Over time things have changed somewhat. Most of the decisions about what features to implement and many of the decisions about the priority of bugs to be fixed are now decided by the product management and user experience teams within Mozilla. Almost all of the module owners and most of the peers are now Mozilla employees. It might be time to think about whether the module system still works for Mozilla and if we should make any changes.

In my view the current module system provides two things that it’s worth talking about. A list of folks that are suitable reviewers for code and a path of escalation for when disagreements arise over how something should be implemented. Currently both are done on a per-module basis. The module owner is the escalation path, the module peers are reviewers for the module’s code.

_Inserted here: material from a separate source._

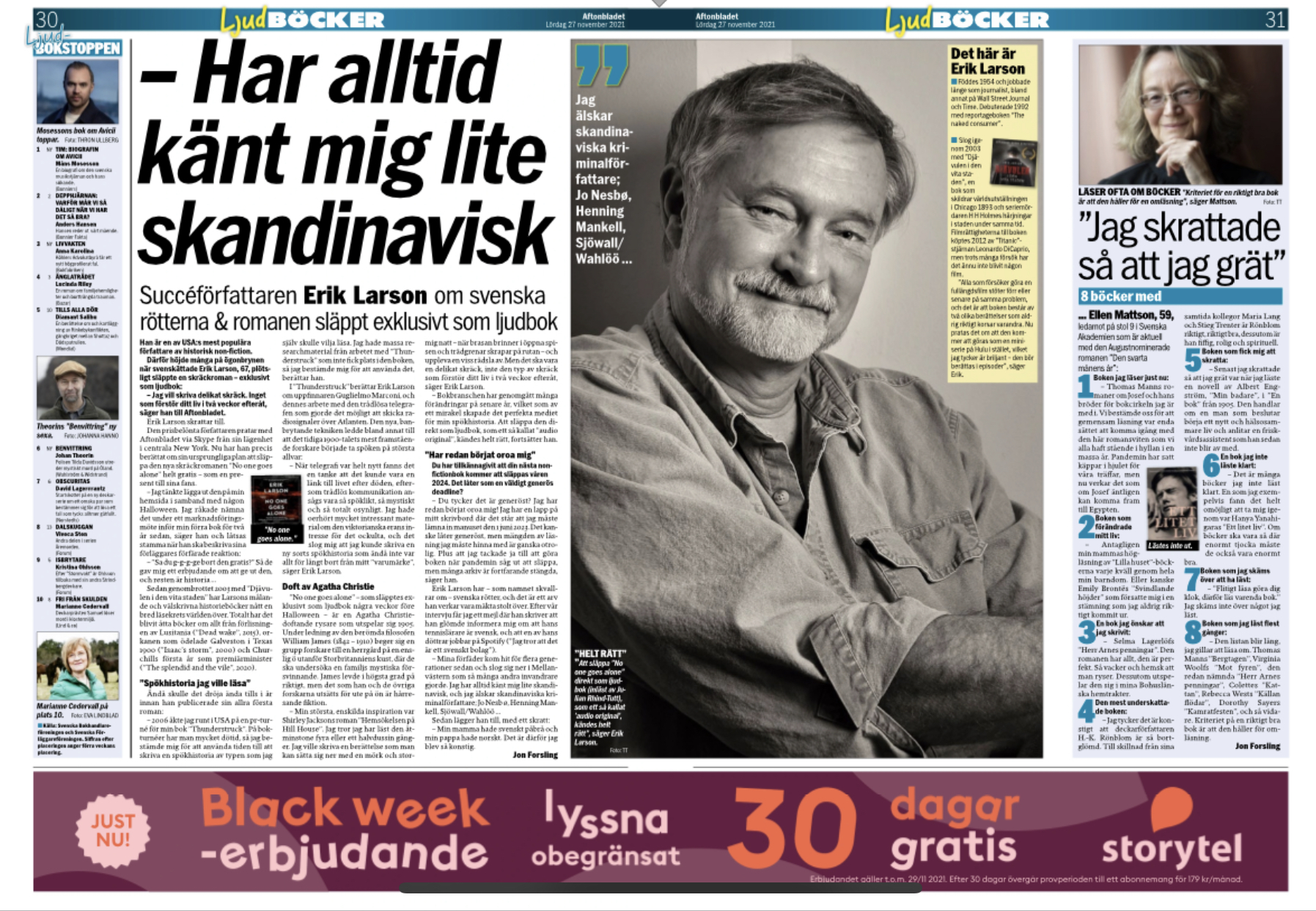 Det svenskklingande namnet till trots är Larson en av USA:s mest hyllade författare av historisk non-fiction, och har skrivit böcker om allt från förlisningen av Lusitania (”Dead Wake”, 2015), orkanen som ödelade Galveston i Texas 1900 (”Isaac’s Storm”, 2000) och Churchills första år som premiärminister (”The Splendid and the Vile”, 2020). Men det dröjde ända till i år innan han släppte sin första skönlitterära roman, den Agatha Christie-doftande skräckisen “Noone goes alone” som utspelar sig 1905 och släpptes exklusivt som ljudbok i höstas.

The escalation path is probably something that should remain as-is. We’re always going to need experts to defer decisions to, those experts often need to be domain specific as they will need to understand the architecture of the code in question. Maintaining a set of modules with owners makes sense. But what about the peers for reviewing code?

A few years ago both the Toolkit and Firefox modules were split into sub-modules with peers for each sub-module. We were saying that we trusted folks to review some code but didn’t trust them to review other code. This frequently became a problem when code changes touched more than one sub-module, a developer would have to get review from multiple peers. That made reviews go slower than we liked. So we dropped the sub-modules. Instead every peer was trusted to review any code in the Firefox or Toolkit module. The one stipulation we gave the peers was that they should turn away reviews if they didn’t feel like they knew the code well enough to review it themselves. This change was a success. Of course for complicated work certain reviewers will always be more knowledgeable about a given area of code but for simpler fixes the number of available reviewers is much larger than it was otherwise.

I believe that we should make the same change for the entire code-base. Instead of having per-module peers simply designate every existing peer as a “Mozilla code reviewer” able to review code anywhere in the tree so long as they feel that they understand the change well enough. They should escalate architectural concerns to the module’s owner.

This does bring up the question of how do patch authors find reviewers for their code if there is just one massive list of reviewers. That is where Bugzilla’s suggested reviewers feature comes it. We have per-Bugzilla lists of reviewers who are the appropriate choices for that component. Patches that cover more than one component can choose whoever they like to do the review.